Entonces, Mikel. Te informo que Chile también es único en el mundo. Cuando uno trata de explicar cómo funciona la educación escolar y la superior, terminas agotado en un mar de complejos mecanismos de subvencion y tipos de finaciamiento privado que al final sólo se reducen a: En Chile la educación funciona de acuerdo a las reglas del mercado, con todas las implicancias que tiene eso, solo que ademas el estado facilita que se lucre con recursos públicos. Tan tan. Me encantaría agregar que todo el mundo está súper feliz con el panorama.
Yo también quiero darle las gracias.
Enhorabuena! parece que la Concertación recogió el guante... la propuesta que comentó ayer Carolina Tohá parece inspirada en estos textos (más bien, calcada). Cruzamos los dedos!

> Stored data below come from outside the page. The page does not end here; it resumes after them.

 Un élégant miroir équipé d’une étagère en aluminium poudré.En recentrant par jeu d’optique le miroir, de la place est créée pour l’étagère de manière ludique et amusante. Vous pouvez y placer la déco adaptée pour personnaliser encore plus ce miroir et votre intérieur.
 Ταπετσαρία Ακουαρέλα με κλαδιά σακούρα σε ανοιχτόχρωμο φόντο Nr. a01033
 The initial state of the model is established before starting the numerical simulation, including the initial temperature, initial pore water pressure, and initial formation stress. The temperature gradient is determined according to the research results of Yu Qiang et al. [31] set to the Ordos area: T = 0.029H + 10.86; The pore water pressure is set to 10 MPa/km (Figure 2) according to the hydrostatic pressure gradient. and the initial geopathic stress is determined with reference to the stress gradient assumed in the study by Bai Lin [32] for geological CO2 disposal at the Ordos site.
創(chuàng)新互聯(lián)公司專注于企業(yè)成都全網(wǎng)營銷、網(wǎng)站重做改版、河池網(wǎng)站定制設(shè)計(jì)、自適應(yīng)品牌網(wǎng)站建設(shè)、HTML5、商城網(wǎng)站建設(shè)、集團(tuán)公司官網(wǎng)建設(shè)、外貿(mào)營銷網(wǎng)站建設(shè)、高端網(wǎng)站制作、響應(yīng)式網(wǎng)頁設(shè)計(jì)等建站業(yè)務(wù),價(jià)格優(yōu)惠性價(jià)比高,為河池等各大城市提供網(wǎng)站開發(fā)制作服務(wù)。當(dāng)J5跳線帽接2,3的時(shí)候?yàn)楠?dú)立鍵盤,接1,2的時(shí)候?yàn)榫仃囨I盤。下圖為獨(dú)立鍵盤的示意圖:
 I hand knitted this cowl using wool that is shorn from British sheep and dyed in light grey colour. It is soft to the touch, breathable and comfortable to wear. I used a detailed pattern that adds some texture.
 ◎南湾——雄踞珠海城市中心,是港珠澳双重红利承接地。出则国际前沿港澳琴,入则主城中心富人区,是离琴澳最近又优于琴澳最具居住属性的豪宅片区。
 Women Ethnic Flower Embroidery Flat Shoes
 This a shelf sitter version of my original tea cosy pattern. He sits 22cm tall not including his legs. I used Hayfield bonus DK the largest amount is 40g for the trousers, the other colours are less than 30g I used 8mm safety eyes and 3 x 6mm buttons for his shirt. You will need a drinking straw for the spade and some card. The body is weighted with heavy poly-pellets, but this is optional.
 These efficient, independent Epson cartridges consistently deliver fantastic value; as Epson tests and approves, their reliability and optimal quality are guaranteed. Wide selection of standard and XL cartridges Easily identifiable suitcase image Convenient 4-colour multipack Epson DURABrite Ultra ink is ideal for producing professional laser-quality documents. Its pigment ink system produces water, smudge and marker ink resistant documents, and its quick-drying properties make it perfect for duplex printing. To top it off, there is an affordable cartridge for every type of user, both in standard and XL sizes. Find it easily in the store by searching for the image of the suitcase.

Bueno, después de mucho rebatirle sus mitos, me encuentro con esta propuesta que usted mismo plantea como algo cándida. Para entender una propuesta como esta creo que hay que dar por hechos 2 supuestos algo técnicos que no sé si los lectores tienen claro: 1. En términos sociológicos, el sistema educacional tiende a reproducir las estructuras sociales. O sea, el sistema educacional es un fiel reflejo de la sociedad en que está inserto. Cambiarlo radicalmente con una propuesta como esta implica generar cambios generales en la sociedad, algo difícil de lograr solo con buena voluntad política. 2. El niño que va al colegio no adquiere "capital cultural" solo de sus profesores, sino también de sus compañeros, por lo que mientras mayor diversidad enfrente entre ellos, mejor. Y efectivamente, seleccionar alumnos atenta contra la posibilidad de adquirir capital cultural para aquellos más desfavorecidos.................................................................... Ahora, nada de esto es incompatible con un sistema de educación público, pero con establecimientos privados licitados que se hagan cargo de la parte operativa de educar. Como usted mismo dice, se puede hacer por sistemas de vouchers y tómbolas para seleccionar alumnos. Y dejar que cada colegio desarrolle su mejor proyecto educativo. Claro que esto funcionaría bien en las grandes ciudades, donde hay posibilidad de elegir. En las zonas rurales aisladas me temo que seguirá siendo educación totalmente estatal. De todas maneras, muy buena propuesta. Saludos
Estimado Sr. Atria y estimados comentaristas: Les deseo agradecer por este espacio de intercambio de perspectivas sobre el tema de la educación. No hay dudas que el esfuerzo del Sr. Atria es muy loable: no sólo muestra el sentido del actual sistema y una posible nueva dirección como alternativa, sino que además hace un gran esfuerzo por permanecer realmente parcial frente al problema. El pregunta política es si queremos realmente para Chile un sistema que integre y, como tal, esta pregunta es un asunto de todos los ciudadanos de nuestro país. Si la respuesta es afirmativa, recién en ese momento los expertos con nuestro mandato (Sres. hacia esto queremos avanzar) deben proponer la legislación y los mecanismos necesarios para ese fin. Bueno, la pregunta política ya la puso aquí el Sr. Atria.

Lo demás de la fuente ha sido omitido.